## Input data

....

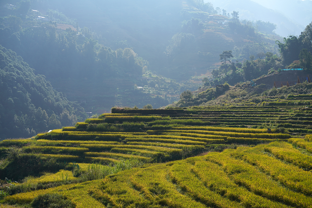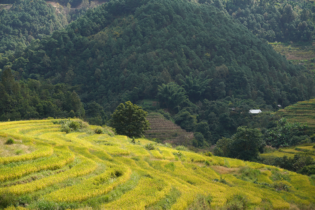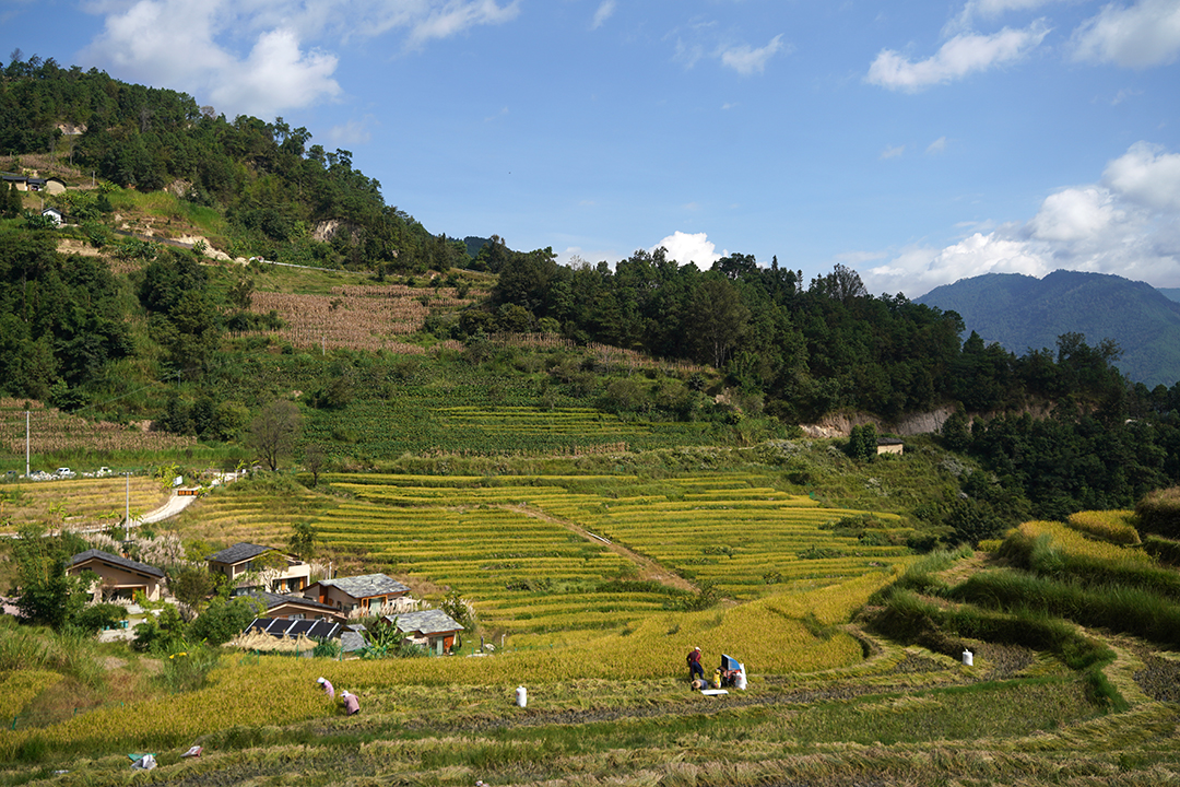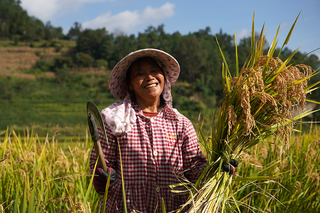 保山昌宁阿背寨:百亩梯田翻金浪,丰收画卷映笑颜
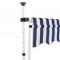 Auvent rétractable manuel 250 cm Rayures bleues et blanchesCet auvent rétractable sera idéal devant la fenêtre, sur la terrasse, le balcon ou dans votre jardin. Matériau durable : cet auvent hydrofuge et antisalissure et résistant aux UV et aux intempéries est fabriqué en polyester de haute qualité avec un revêtement de PU. Le cadre fort en acier rend l'auvent robuste et durable. L'auvent en polyester facile à nettoyer peut être retiré et lavé. Manivelle pratique : grâce à la manivelle de la poignée, ce store est rétractable. La manivelle pour monter et descendre le store peut être montée à gauche ou à droite. Design ajustable : la hauteur et l'angle du store peuvent également être ajustés. Utilisation polyvalente : ce produit peut non seulement être utilisé comme auvent normal, mais aussi pour couvrir complètement la fenêtre. Cet auvent est le choix idéal pour votre espace de vie extérieur et peut être actionné manuellement.
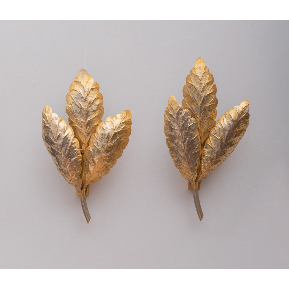 PAIR OF THREE-LEAF BRASS WALL LAMPS.
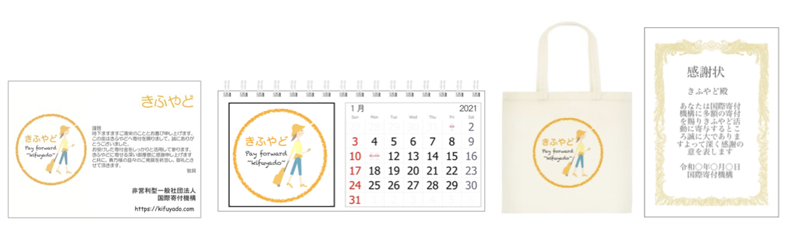 【個人様の場合】感謝状・ポストカード・卓上カレンダー・トートバッグ・きふやどサポーターとしてHPに名前の記載(希望者のみ)
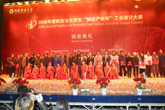 (本网讯)12月19日晚,第三届陕西省大学生“知识产权杯”外观设计大赛颁奖典礼在陕西科技大学文体馆隆重举行,西安工业大学3件作品获一等奖,3件作品获二等奖,4件作品获三等奖,5件作品获优秀奖,并获优秀组织奖,获奖总数和层次位居参赛高校前列。
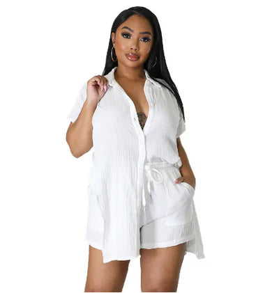 Experience effortless comfort with this breathable 2-piece button-up set in size 2X. Designed with lightweight, airy fabric, it ensures optimal ventilation for all-day wear. The classic button-up style adds a polished touch, making it perfect for both casual outings and relaxed office days. Tailored for a flattering fit, this set combines functionality with timeless style.
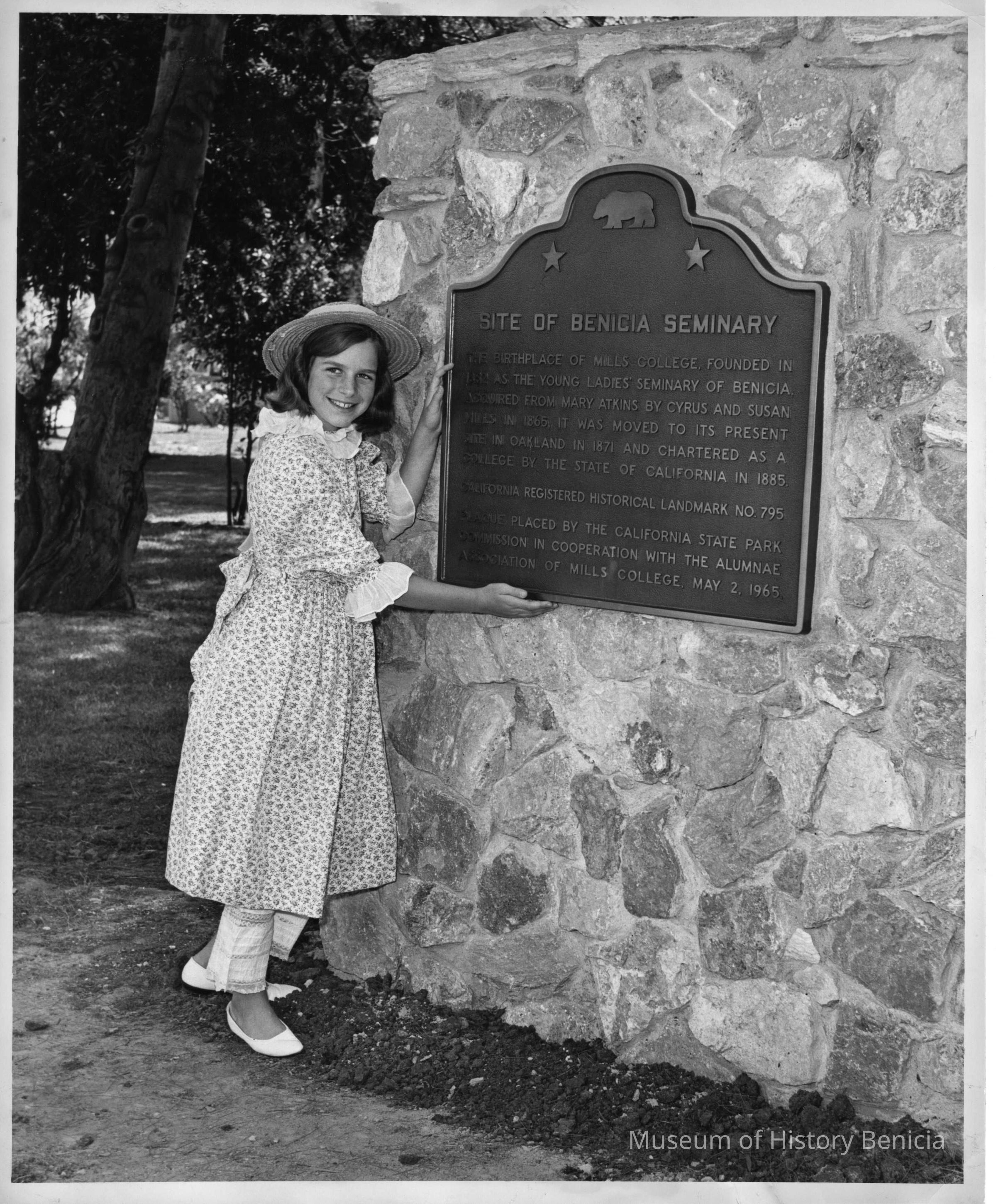 Newspaper photo of the dedication ceremonies for the California State Historical Landmark honoring the 1852 founding in Benicia of the Young Ladies Seminary -- forerunner of today's Mills College (May 2, 1965). Given to Jack O'Grady by Benicia Herald editor Marcus Griffin.
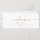 This modern gold script hanging seating chart welcome header is perfect for a minimalist wedding. The simple yellow gold colour design features unique industrial lettering typography with modern boho style. Customizable in any colour. Keep the design minimal and elegant, as is, or personalize it by adding your own graphics and artwork. The card prints on the front and back (double-sided). Please check the collection for the coordinating table number seating chart cards.
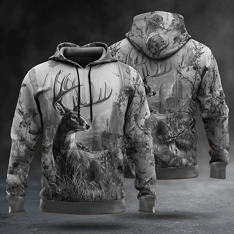 Men's Deer Hoodie Sweatshirt Fashion Classic Long Sleeve Crew Neck Outdoor Hunting White Brown Gray Gray 2 Drawstring Fall Winter Designer S M L XL XXL XXXL
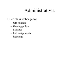 This document provides an introduction to the Csci 107 Introduction to Computer Science course. It discusses administrative details about the class website and outlines what computer science entails. Computer science is defined as the study of algorithms, their properties, efficiency, applications to problems, and their implementation through programming languages and computer hardware. An algorithm is a well-defined procedure to solve a problem that must be ordered, understandable, solve the problem, and terminate. Examples of algorithms include cooking recipes, making a sandwich, and adding multi-digit numbers. The next class will cover Chapter 1 of the textbook and thinking through the algorithm to add two multi-digit numbers.
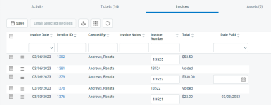 Check All / Check None | Selecting at least one invoice enables the Email Selected Invoices button on the button bar. This check box is disabled for organizations that do not have invoice emailing enabled, and for invoices that have been voided. |
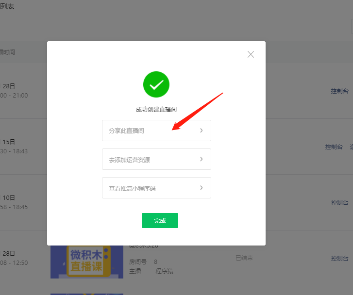 5.创建好直播间后,点击分享二维码,可以将直播间二维码分享到朋友圈或者好友,邀请进入观看
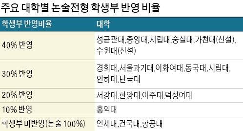 학생부 반영 비율은 꾸준히 감소하는 추세이며 논술 100%로 선발하는 대학이 늘어나고 있다. 또 명목상 내신반영 비율이 40%인 경우에도 내신 실질반영률이 오히려 더 낮은 대학도 있다. 학생부 실질 반영률 자체도 매우 미미하므로 내신 4~5등급대의 학생이라면 내신을 크게 신경 쓰지 않아도 된다. 심지어 그 이하의 내신 등급대 학생이라도 대학에 따라서 내신의 영향을 거의 받지 않고 논술 실력에 의해 합격이 결정될 수도 있다. 수리논술을 준비하는 학생이라면 내신에 대한 부담을 갖지 말고 오직 수리논술 실력 향상에만 집중하면 된다.
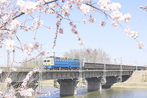 ◎ 三月十八日,北京,一列藍黃塗裝的貨運電力機車牽引著重載車廂,穿行於京承鐵路春日花海與碧水之間。(中新社記者 賈天勇 攝)
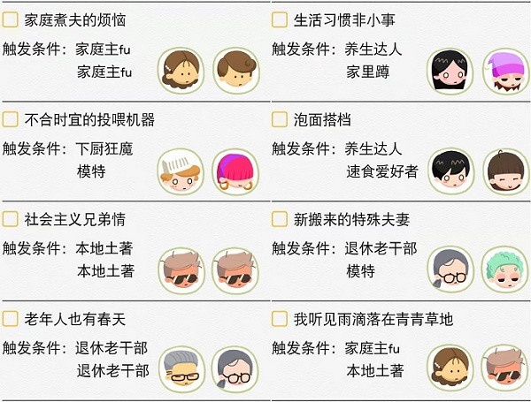 2、这8种搭配方法是:①家庭主fu(女) 家庭主fu(男)触发“家庭煮夫的烦恼”;②下厨狂魔(男) 模特(女)触发“不合时宜的投喂机器”;③本地土著(男) 本地土著(男)触发“社会主义兄弟情”;④退休老干部(男) 退休老干部(女)触发“老年人也有春天”;⑤养生达人(女) 家里蹲(女)触发“生活习惯非小事”;⑥养生达人(男) 速食爱好者(女)触发“泡面搭档”;⑦;退休老干部(女) 模特(男)触发“新搬来的特殊夫妻”;⑧家庭主fu(女) 本地土著(男)=我听见雨滴落在青青草地。
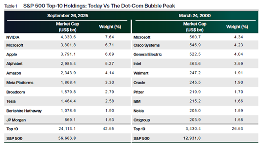 However, investor and corporate behavior is becoming more reminiscent. The A.I. capex spending binge is beginning to resemble the telecom buildout of the internet era. A series of large related and interconnected transactions has created a circular ecosystem that is heavily concentrated in just a handful of companies. “Nvidia plans to invest in OpenAI, which is buying cloud computing from Oracle, which is buying chips from Nvidia, which has a stake in CoreWeave, which is providing artificial intelligence infrastructure to Open A.I.1 Nvidia is receiving equity in OpenAI in return for delivering chips while Advanced Micro Devices is giving away equity to OpenAI in exchange for revenue. Several of these transactions are reminiscent of vendor financing in the late 1990s in which telecom equipment makers loaned large sums of money to both new and established carriers to enable them to purchase equipment.
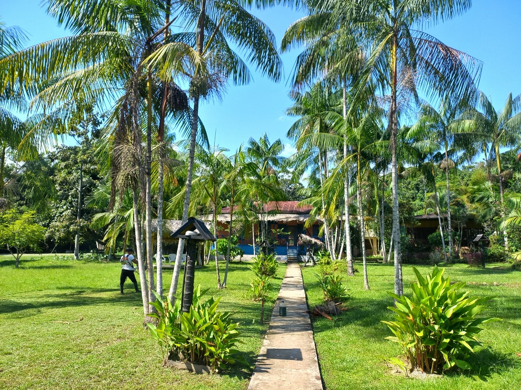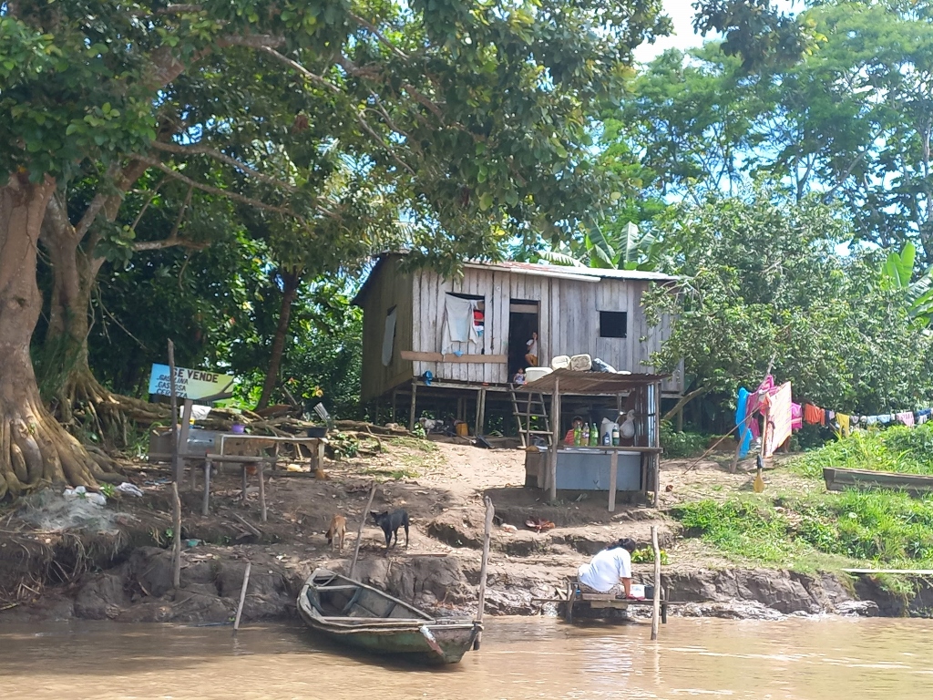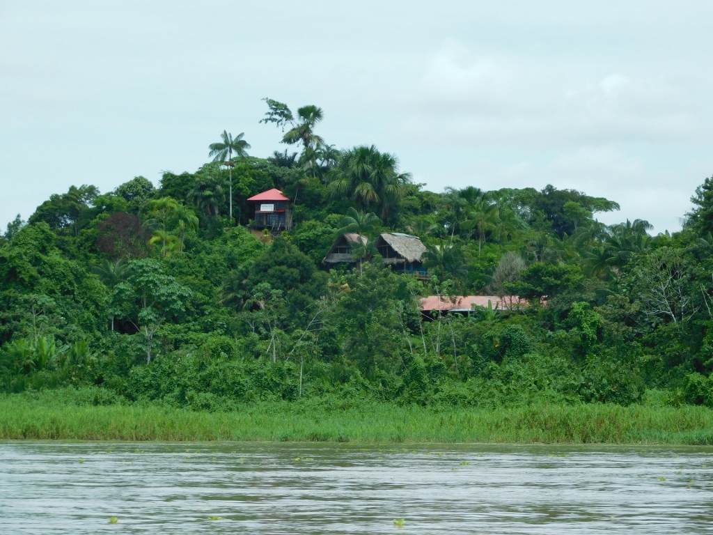 Ali, osim što ima lokalnog stanovništva koje živi na obali Amazona, tu dolaze i posetioci iz raznih delova sveta, a za njih treba obezbediti i smeštaj. Na sledećoj fotografiji se, osim objekata uz obalu, može gore desno videti krov znatno veće kuće, a na sledećih par fotografija se još i bolje mogu videti različiti veći objekti koji se verovatno koriste u turističke svrhe.

....

## Exercise description
Give again the lines of the listing above that run from the one with "Newspaper photo of" up to and including the one with "Men's Deer Hoodie". Keep them exact and omit the pictures.

## Finished task
 Newspaper photo of the dedication ceremonies for the California State Historical Landmark honoring the 1852 founding in Benicia of the Young Ladies Seminary -- forerunner of today's Mills College (May 2, 1965). Given to Jack O'Grady by Benicia Herald editor Marcus Griffin.
 This modern gold script hanging seating chart welcome header is perfect for a minimalist wedding. The simple yellow gold colour design features unique industrial lettering typography with modern boho style. Customizable in any colour. Keep the design minimal and elegant, as is, or personalize it by adding your own graphics and artwork. The card prints on the front and back (double-sided). Please check the collection for the coordinating table number seating chart cards.
 Men's Deer Hoodie Sweatshirt Fashion Classic Long Sleeve Crew Neck Outdoor Hunting White Brown Gray Gray 2 Drawstring Fall Winter Designer S M L XL XXL XXXL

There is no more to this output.